Figure 2.

AZ3146 compromises SAC function and inhibits Mad2 localization. (A) Box and whisker plot of HeLa GFP-H2B cells treated with or without AZ3146 (AZ) and analyzed by time-lapse microscopy, showing the time from nuclear envelope breakdown to chromosome decondensation. Values were derived from ≥75 cells. (B) Bar graph quantifying mitotic phenotypes. Values were derived from ≥115 cells. (C) Images of HeLa cells treated with nocodazole and MG132 for 2 h with or without AZ3146, fixed, and stained to detect centromeres (ACA) and either Bub1, Mad1, or Mad2. Insets show higher magnification views of individual kinetochore pairs (boxed regions). (D) Bar graph quantifying pixel intensities at kinetochores normalized to ACA in mitotic HeLa cells treated with or without AZ3146. Values were derived from ≥228 kinetochores. (E) Bar graphs scoring kinetochore staining of Mad1/2 as high, medium, or low after exposure to nocodazole (Noc) or MG132 (MG) plus either AZ3146 or reversine (Rev).
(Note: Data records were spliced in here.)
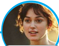
Knightley in "Pride and Prejudice" (2005)

Carolina soccer phenom Mia Hamm receives special thanks in the credits of "Bend it Like Beckham" which co-starred Keira Knightley.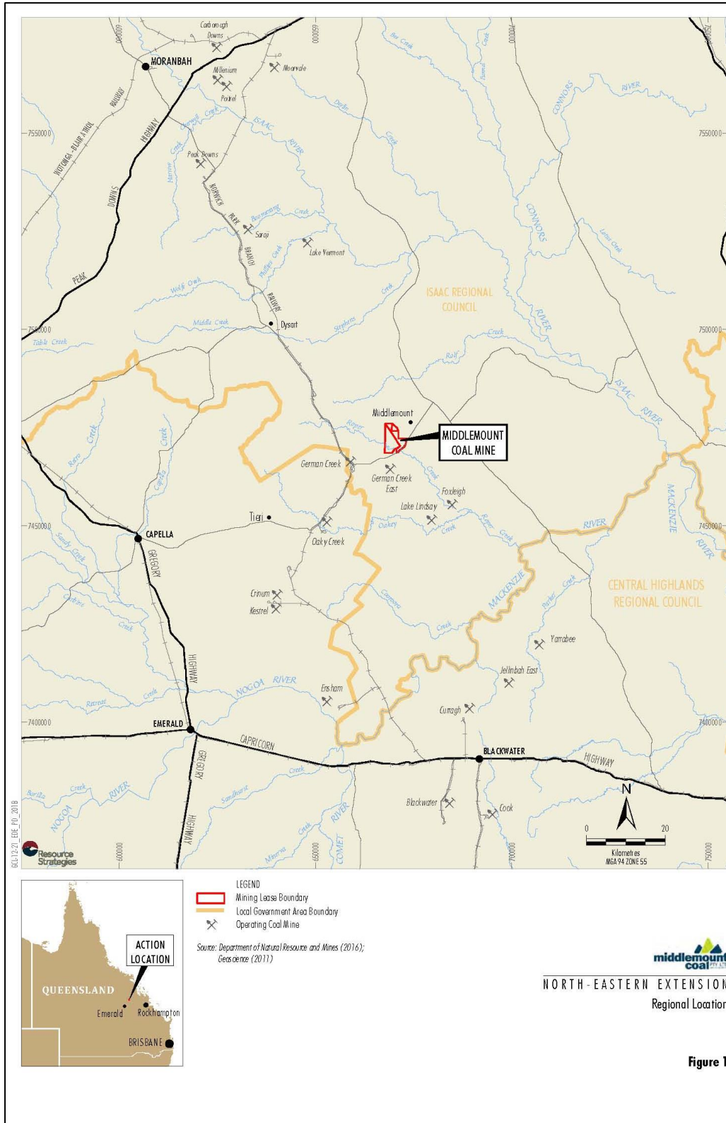
Figure 1: Regional Location of Middlemount Coal Mine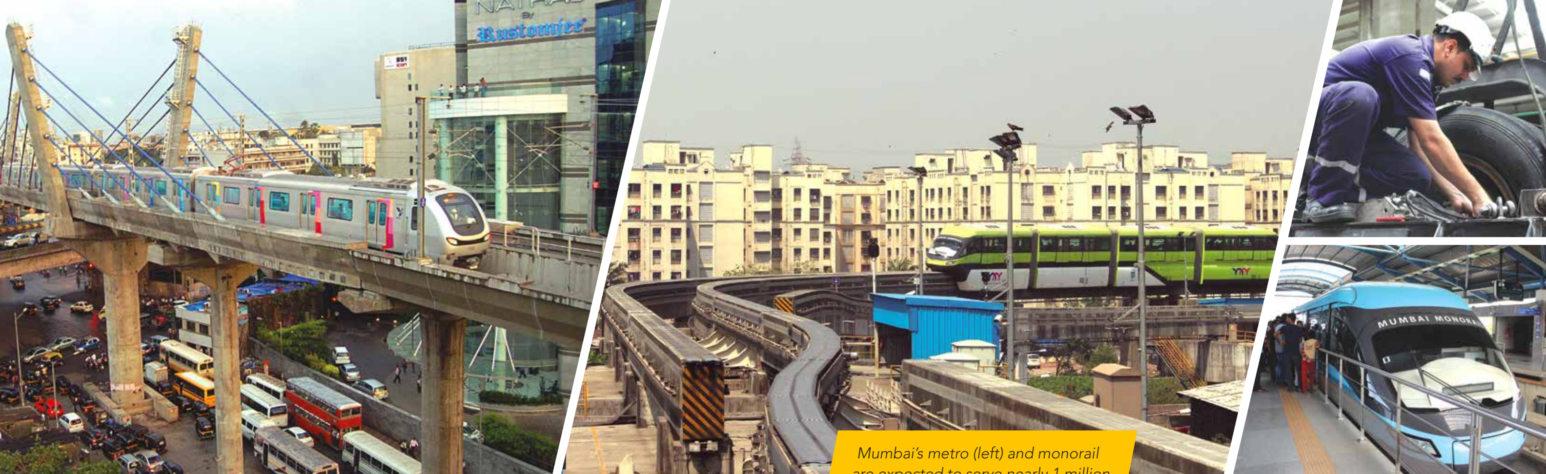
Mumbai's metro (left) and monorail are expected to serve nearly 1 million commuters per day within three years.

The Mumbai Metropolitan Region — comprising Mumbai, Navi Mumbai, Thane, Vasai-Virar, Bhiwandi and Panvel — boasts more than 21 million inhabitants, placing it among the 10 most populous urban areas in the world. Mumbai is the commercial center of India, accounting for more than 5 percent of gross domestic product. Mumbai also represents 40 percent of all international trade and more than 70 percent of all capital transactions. It also is the center of India's immensely popular Bollywood entertainment industry.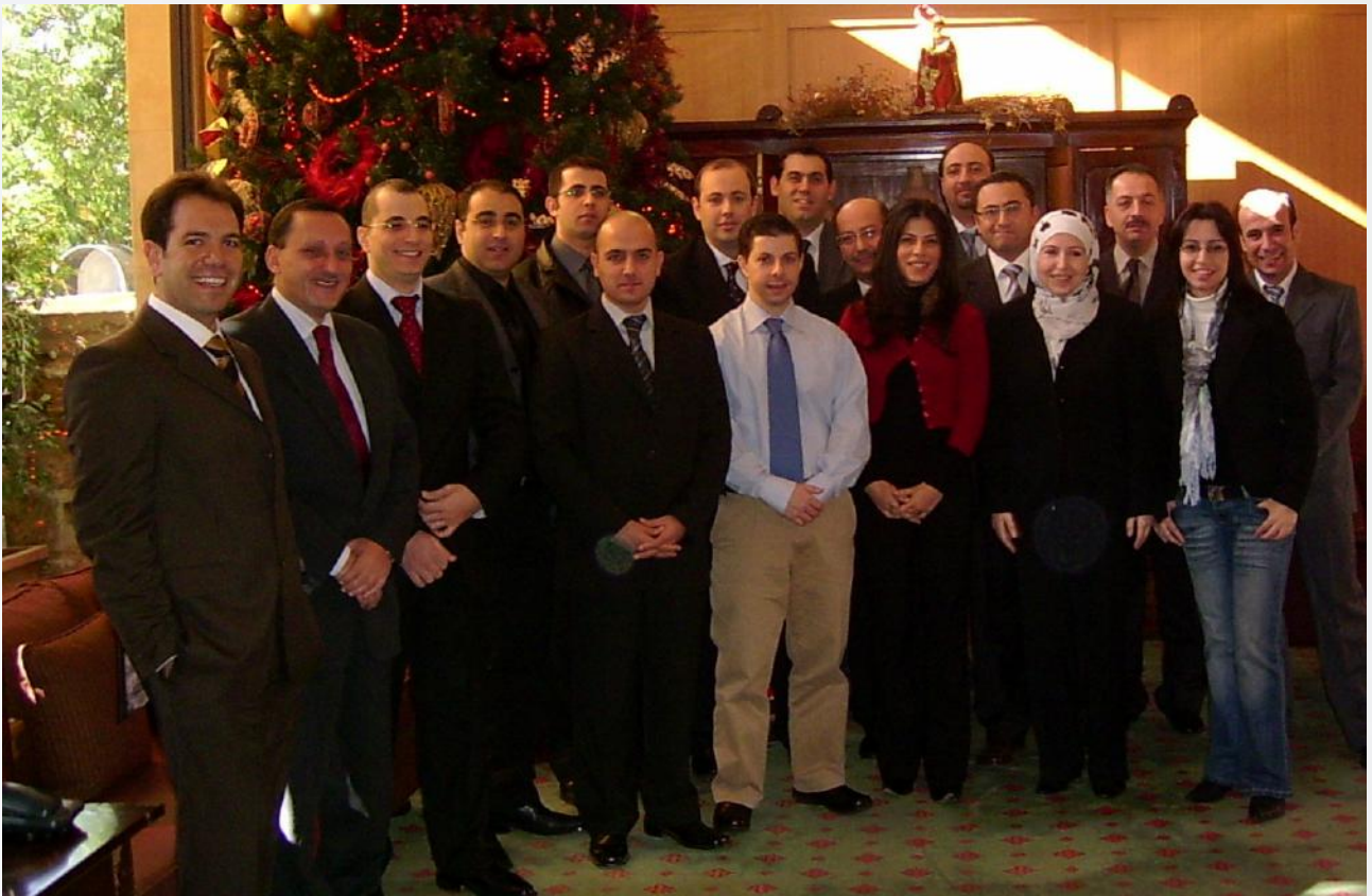
Beirut, Class 2, 2006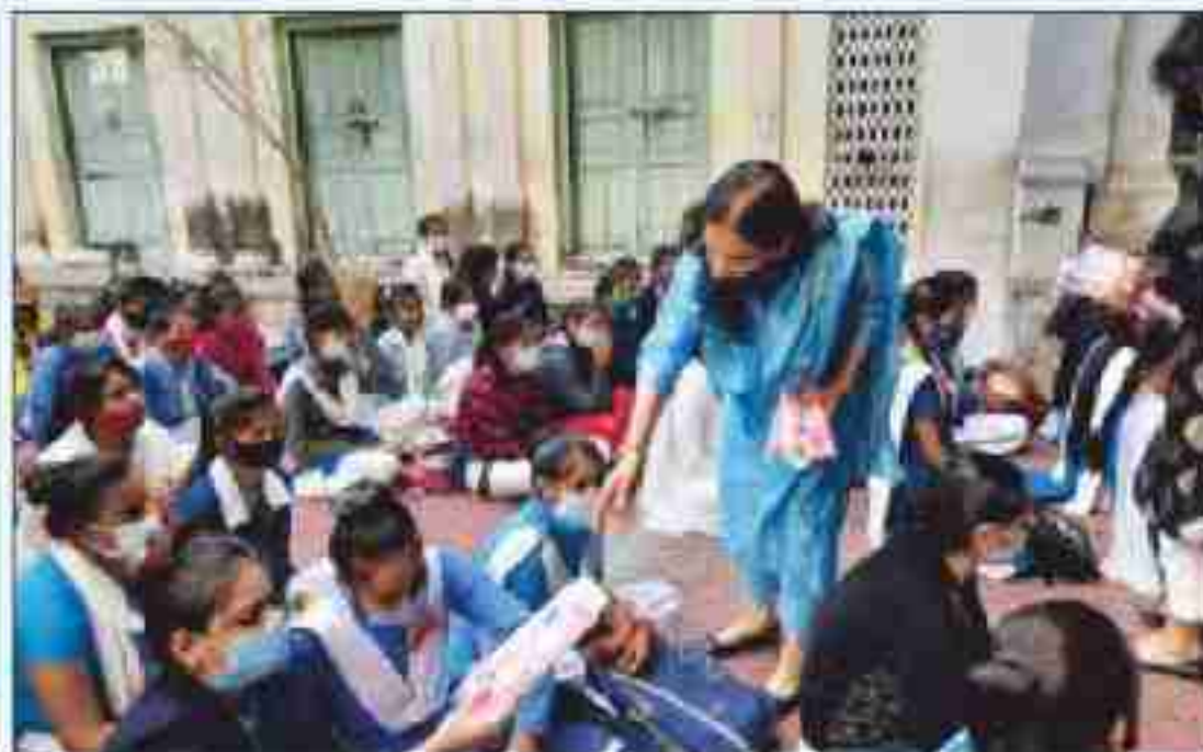
Sanitary Napkin Distribution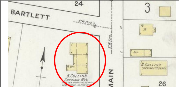
1916 Sanborn Fire Insurance Atlas.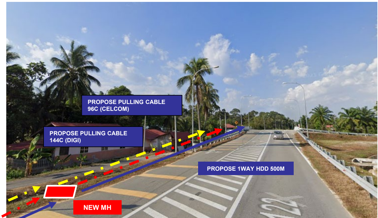
JALAN CHIKUS SUNGAI MANIK PERAK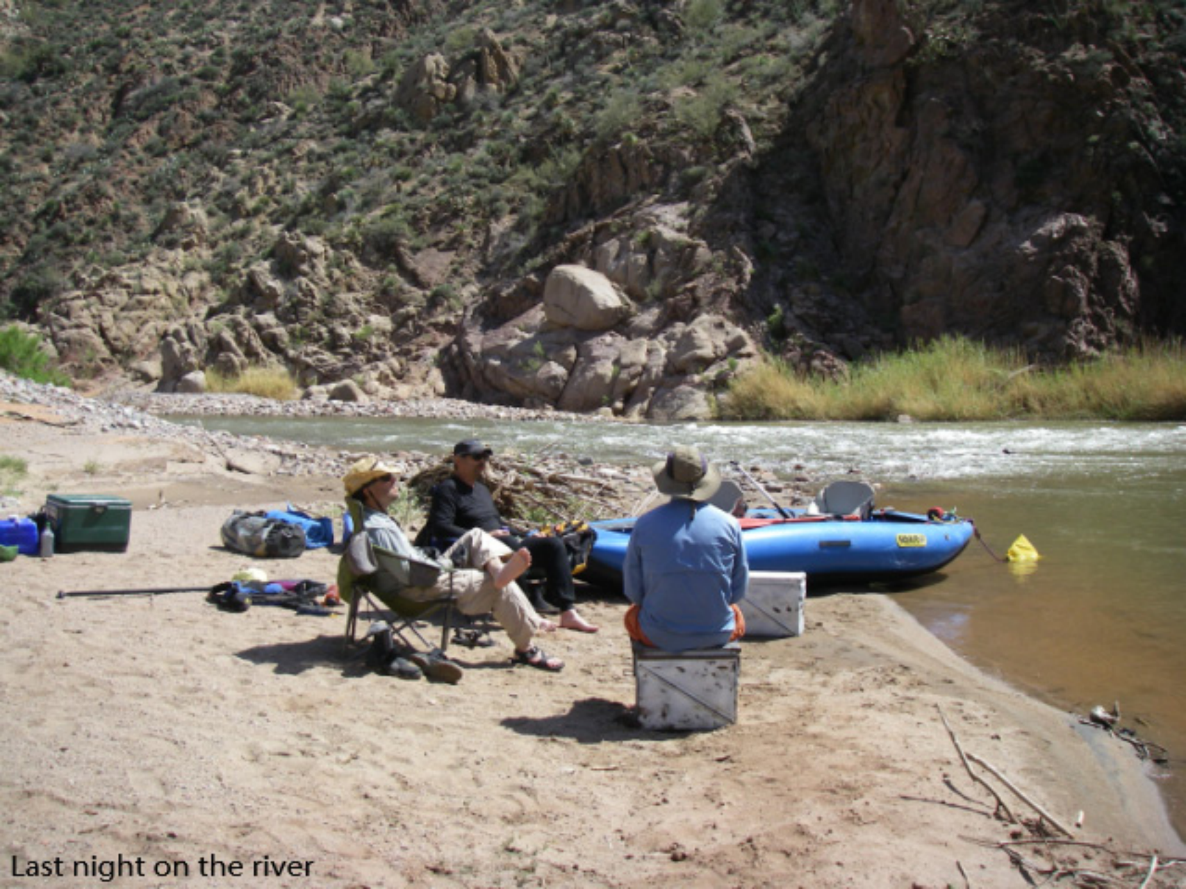
Last night on the river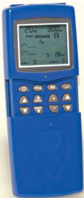
Digital EMS 3500 #TY32411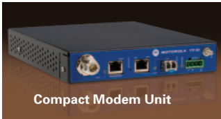
Compact Modem Unit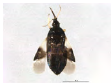
[Dorsal] Orius BIN URI: BOLD:ACI3169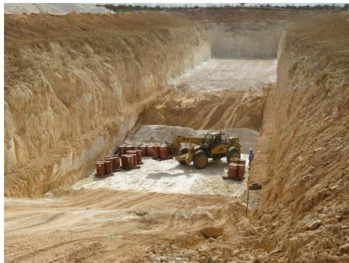
Figure 4 The Mt Walton East Intractable Waste Disposal Facility in Western Australia

The disposal of radioactive wastes at the Mt Walton East IWDF in Western Australia (Figure 4) has been regulated by the radiation regulator since 1992. The site was chosen based on criteria in the IAEA publication, Site Investigation for Repositories for Solid Radioactive Waste in Shallow Ground, Technical Report Series No. 216 (1982). All aspects of the design, operational requirements, duties and responsibilities must comply with the Western Australian legislation and the near-surface disposal code (NHMRC, 1992). Work is currently underway to transition to requiring compliance with RPS C-3 which has replaced the Code of practice for the near-surface disposal of radioactive waste in Australia (1992) (NHMRC 1992). Radiation monitoring at the disposal facility is carried out in accordance with documented requirements given by the regulator. Measurements include absorbed dose rates in air, radon concentration in air, radionuclide concentrations in water, and pre- and post- disposal measurements. Personnel monitoring is carried out during a disposal campaign.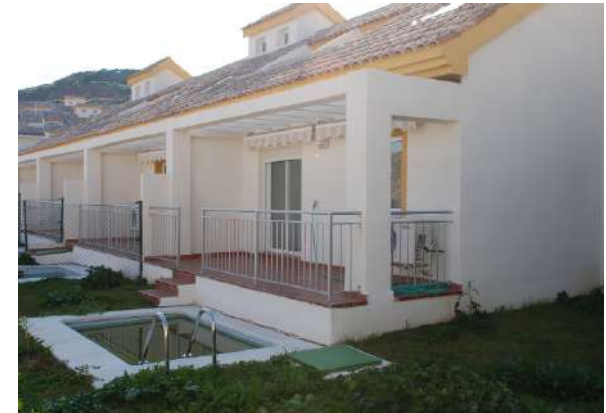
Villas La Viñuela II Residential Complex | Benalmádena, Málaga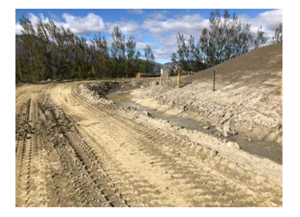
Earth Works with silt wash in small stream

Applicant's Property facing West with Queenstown in the Distance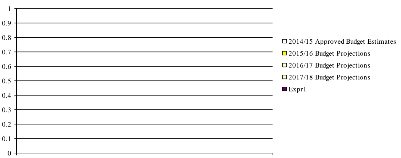
Urban Planning, Security and Land Use

The chart below shows total funding allocations to the Vote by Vote Function over the medium term: Chart V1.1: Medium Term Budget Projections by Vote Function (UShs Bn, Excluding Taxes, Arrears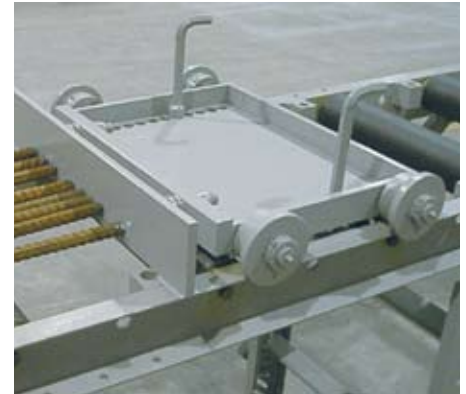
Adjustable gauge table

Data were derived from a two experiments in which at least 50 cells were counted per condition. (F) Images of HeLa cells stained to detect Zwilch and centromeres after exposure to nocodazole, reversine, and MG132 in the sequences indicated. AZ3146 was used at 2 µM and reversine at 500 nM. Ctrl, control. Error bars indicate SEM. Bars: (C and F) 5 µm; (C, insets) 0.5 µm.